Talk to Me is the first English language album by Brazilian, singer, presenter and actress Xuxa. The album is a compilation of Xuxa's most popular songs in English versions for her TV show - Xuxa - but the material was never released commercially neither in America, nor in Brazil.

Background 
Xuxa is a Brazilian entertainer who made her singing debut in 1985 with the Portuguese language album Xuxa e Seus Amigos. In 1990, she began releasing Spanish music in both North and South America, which was well received.

An English language album for the U.S. market was planned to hit stores in 1994, to coincide with the release of the second season of her English language variety show Xuxa. The album was to consist of 20 English adaptions of her previous Portuguese songs and one new original song, Talk to Me for which the album was named.

Production
For the American television show, Xuxa re-recorded several of her hits in English. The songs have had their length shortened - allegedly a decision by the network so they were not long and tiring. In addition to the hits already known to her Latin fans, Xuxa also recorded an entire new song titled Talk to me, which explicitly made an appeal for the public to be patient in regards to her poor English. The song featured a typical Brazilian sound with drums, also known in her native as "Axé" (ah-sheh).

Most songs have simply added new voice over the instrumental material used in her Spanish and Portuguese versions. In majority most of the lyrics were translations with words carefully chosen not to lose rhyme however songs such as Do Say have turned out completely unrelated to its Portuguese and Spanish counterparts. The opening and closing theme used in the show was Xuxa's Theme (in Portuguese "O Xou da Xuxa Começou").

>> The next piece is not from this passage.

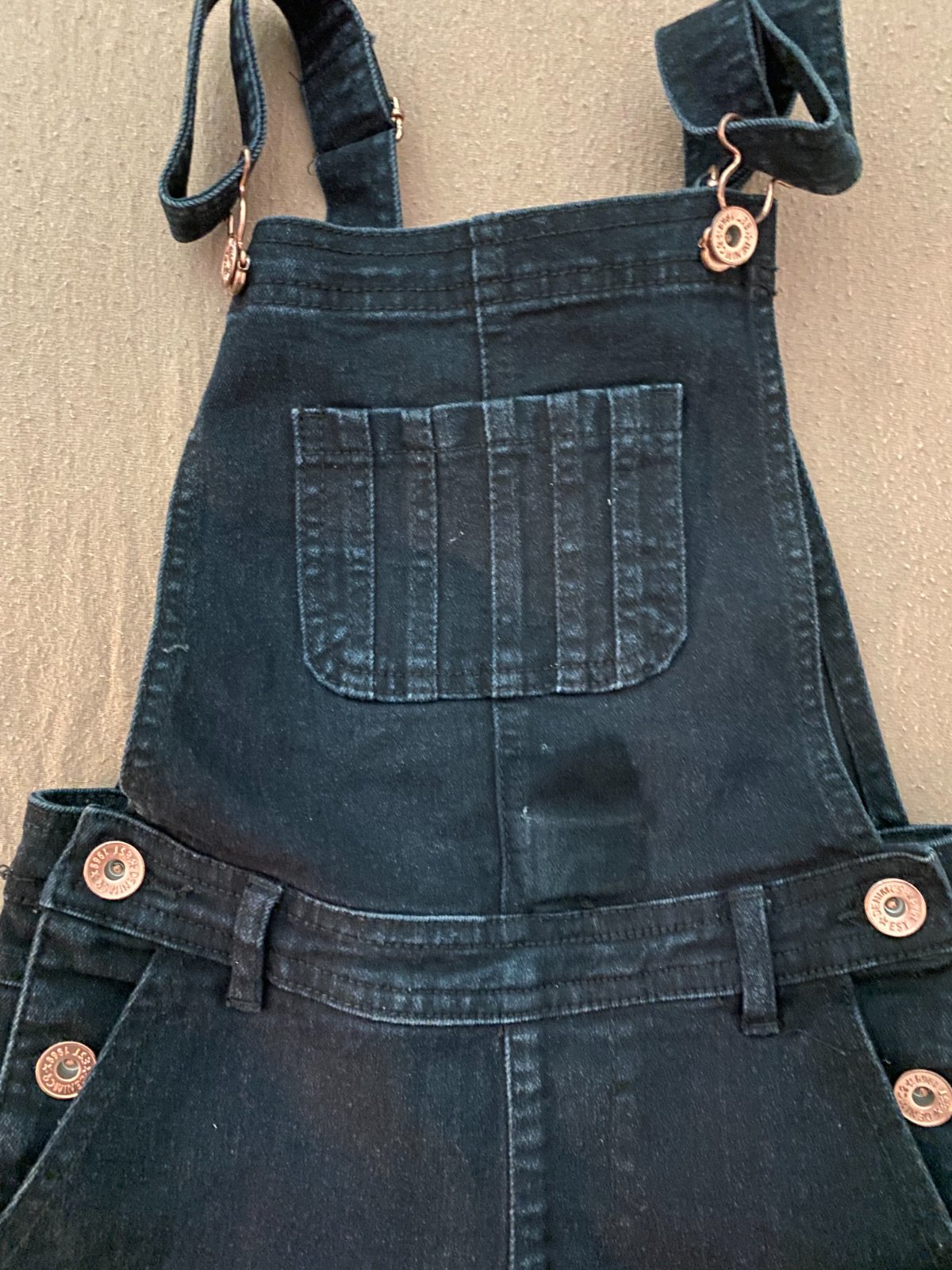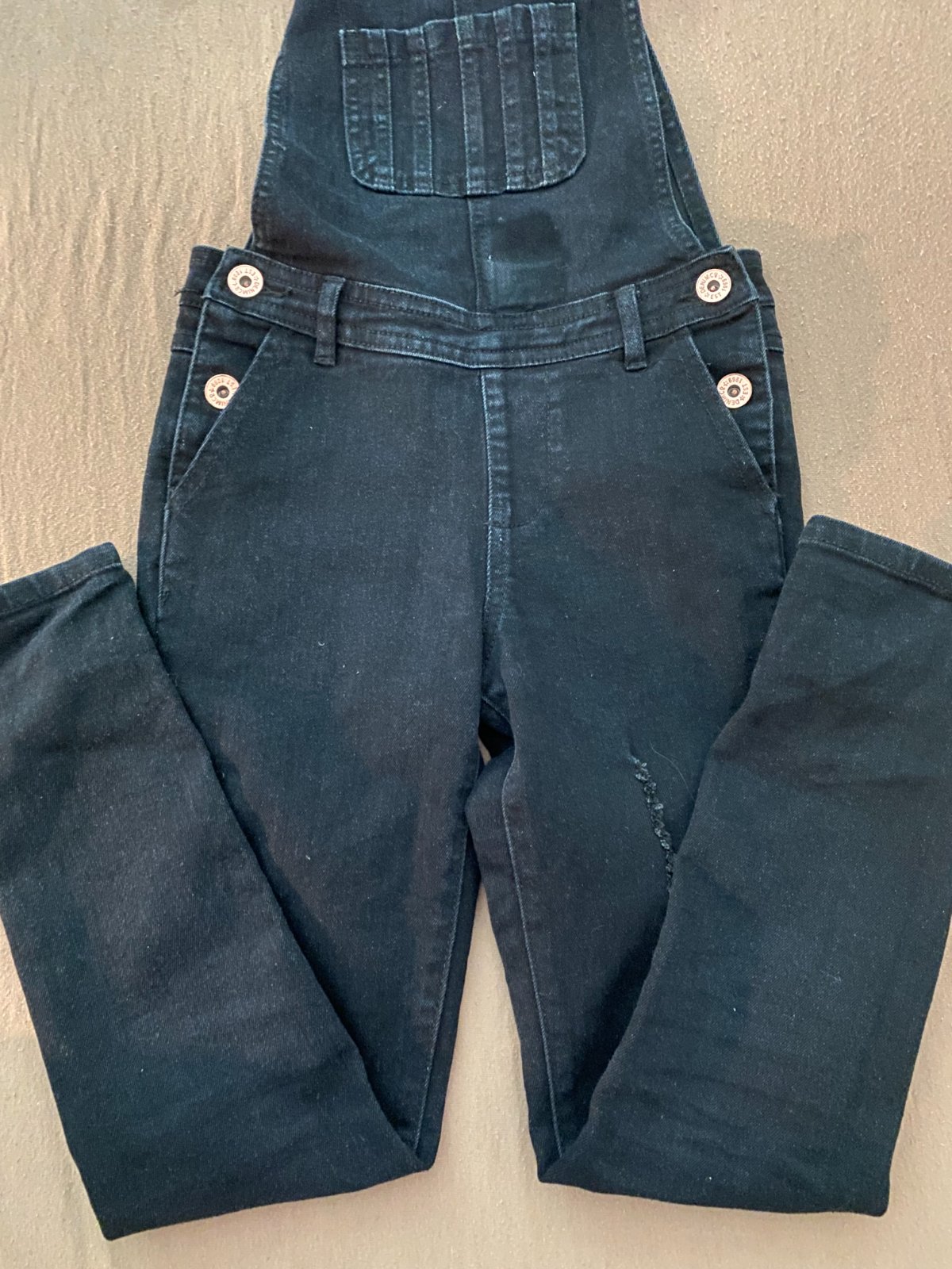Čierne rifle na traky, na obidvoch stranách sa zapínajú na dva riflové gombíky, vrecká sú vpredu, vzadu aj na živôtiku, nohavice sú rovného strihu, dĺžka od pása je 77cm a od rozkroku 59cm.

The songs have only been released on cassette tape.

Availability 
In 1994, the Sony Wonder has acquired domestic home video rights of television series Xuxa, and launched two gift boxes on VHS: Xuxa: Funtastic Birthday Party and Xuxa Celebration! with Cheech Marin.

A counterfeit version of the unreleased CD ripped from old VHS tapes and featuring poor quality for most songs have been found in online shops. It appears that these fake CDs were selling reasonably well until Xuxa Produções (Xuxa's production company) got them removed.

Track listing

Performances 
Many of the tracks from this album were performed on her show, several of them were also released on cassette tapes which were included with the line of Xuxa dolls produced by RoseArt in 1993. Low-quality, unofficial versions of this album have circulated on the market but no official studio version has been released.